Stewart Island tour operators furious over council plans

For nearly a decade, Stewart Island/Rakiura has benefited from a system of visitor fees to keep the tourist infrastructure in top condition.

But Southland District Council wants to triple the fees tourists pay to fund other services, infuriating locals and tour operators.

Bill Moffatt of the Stewart Islands is one of them.

“Totally disagree with that. It’s just way too much.”

The tax was first introduced in 2013 and charged non-residents over 18 $5 to visit the island.

It has racked up approximately $1.3 million to date for visitor-related infrastructure.

But after an attempt to raise the charge in 2018, the council came back with a report which found the current charge is “unlikely to be sufficient to fund the future costs of visitor-related activities”.

So the board wants to increase the charge to $15.

But some of those who rely on tourism say it’s overkill.

Moffatt said: “Stewart Island is an expensive destination to go to now. Raising it an extra $10 is just going to deter more people from going, so fewer visitors to the island, less revenue… for businesses on the island.”

Four hundred people live in Rakiura and around 100 times that number visit each year, putting a strain on basic services, such as sewage, storm water and electricity.

Southland District Council spokeswoman Karen Purdue said: ‘If we don’t get funding from places like the visitor tax, a lot of that will go to our taxpayers, and we think that’s is an unnecessary burden.”

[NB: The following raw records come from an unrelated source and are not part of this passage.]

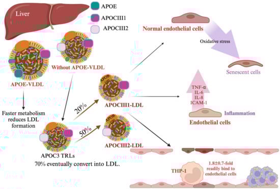 APOC3 is increasingly recognized as a key factor associated with atherosclerosis despite its presence in LDL in small amounts [85,86,87]. In the typical lipoprotein cycle, APOC3 found on LDL primarily originates from APOC3 on VLDLs through metabolic processes [88]. Mendivil et al. highlighted that APOC3 not only participates in metabolic cycling but is integral to regulating lipid metabolism rates in physiological circulation [89]. Additionally, a study by Zheng et al. [84] revealed that APOC3-containing TRLs lacking apoE undergo faster metabolism, with many of these particles ultimately converting to LDL. In contrast, TRLs with apoE undergo rapid clearance, reducing LDL formation. This differentiation in APOC3 and apoE’s roles underscores their distinct impacts on TRL metabolism and LDL generation, affecting cardiovascular health risks [87]. Importantly, APOC3-lacking LDL does not promote adhesion molecule production in endothelial cells or damage these cells. In contrast, APOC3-containing LDL adversely affects endothelial function (Figure 4) [86]. Mendivil et al. estimated that approximately 10%–20% of LDL particles carry APOC3 [89], with APOC3-containing TRLs representing the primary precursors to LDL. In the conversion process, approximately 70% of APOC3-containing TRLs ultimately transition to LDL, forming the following two subtypes: E2CIII1 LDL (20%) and E2CIII2 LDL (50%) [87]. Regression analysis has shown that APOC3-containing LDL elevates CVD risk by an estimated 138% compared to non-APOC3-containing LDL [89]. Recent findings suggest that electronegative LDL (L5) presents an even greater CVD risk than other LDL subtypes, promoting inflammation and atherosclerosis progression [90,91,92]. L5, an LDL subtype with significant APOC3 content, has emerged as a focal point in CVD risk assessment and prevention strategies [93]. The mechanisms underlying the impact of APOC3-containing LDL on cardiovascular health remain to be fully elucidated; however, evidence suggests that it contributes to oxidative stress-induced endothelial damage and senescence, mediated through the reactive oxygen species/F-box only protein 31 (FBXO31) signaling pathway [94]. Studies have further observed increased serum levels of APOC3-containing LDL in high-fat diet-fed hamsters, suggesting a possible dietary influence [94]. In diabetes research, APOC3 has been shown to influence LDL binding. Importantly, the apoB protein in LDL contains a specific binding site (site A) that interacts with proteoglycans such as biglycan [86]. The presence of APOC3 modifies LDL structure, enhancing its propensity to bind proteoglycans, potentially leading to LDL accumulation in vessel walls. This accumulation activates endothelial and immune cells, which release inflammatory factors, exacerbating vascular damage and disease progression. Notably, of the three isoforms of APOC3, only apoCIII2 within LDL has been implicated in triggering inflammatory responses in patients with diabetes, including the production of interleukin (IL)-6, TNF-α, and IL-8 [86]. This finding underscores the pivotal role of apoCIII2 in vascular inflammation and highlights its impact on cardiovascular health and diabetes complications. Studies have also linked less-dense LDL, frequently elevated by high-carbohydrate diets, to slower VLDL clearance—a process partially influenced by APOC3 metabolism. Additionally, APOC3 glycoform sialylation alters its metabolism, such that it dissociates from less-dense LDL density patterns and elevated TG levels due to its faster clearance rate [95].
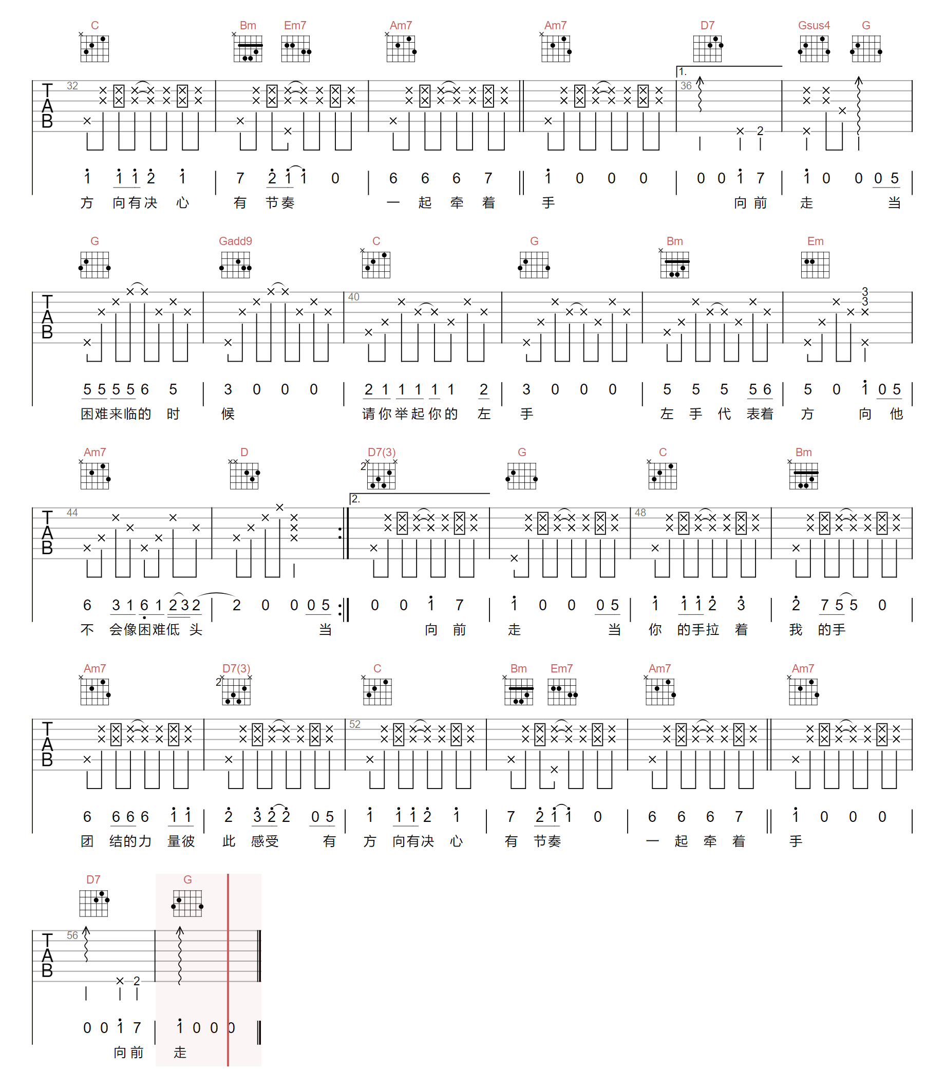 曲谱介绍: 吉他谱介绍:左手右手吉他谱,杨沛宜演唱的一首歌曲,4/4拍的节奏,这首歌曲的原调为降B调,这里曲谱采用了G调指法进行编配,演唱时夹变调夹3品可回到原调,也可根据个人实际嗓音情况选择。曲谱由琴谱网更新上传,共2张高清图片弹唱吉他谱例,来源于@亦落编配出品。这首歌旋律清新,歌词积极向上,给人力量。当面对困难,让我们一起找到方向,拥有决心,团结一心,手拉手,向前走。
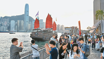 旅客在香港尖沙咀星光大道一帶游玩?! ≈行律缬浾?李志華攝

She said ‘the council’s position is that visitors should pay their share’.

But Island District Councilor Jon Spraggon disagrees.

‘For us it’s a double draw because we’ve already paid a rate on it, any work on the sewage system or toilets should come from the rate not the charge.’

Others think it’s not fair for tourists, including internationals.

Aaron Joy, president of Stewart Island Promotions and owner of Stewart Island Backpackers, said: “They get cut when they come into the country and the next time they come here and get cut again, so you have to be very careful.”

Visitors 1News spoke to did not object to an increase.

“For what you get and the value you get on the island, it’s fantastic, fantastic value for money,” one said.

Others said “$15 isn’t prohibitively expensive.”

“You would pay that in parking fees in Auckland!”

Maintaining the balance of a dilemma to make our third largest island hum.

The public consultation ends on April 1.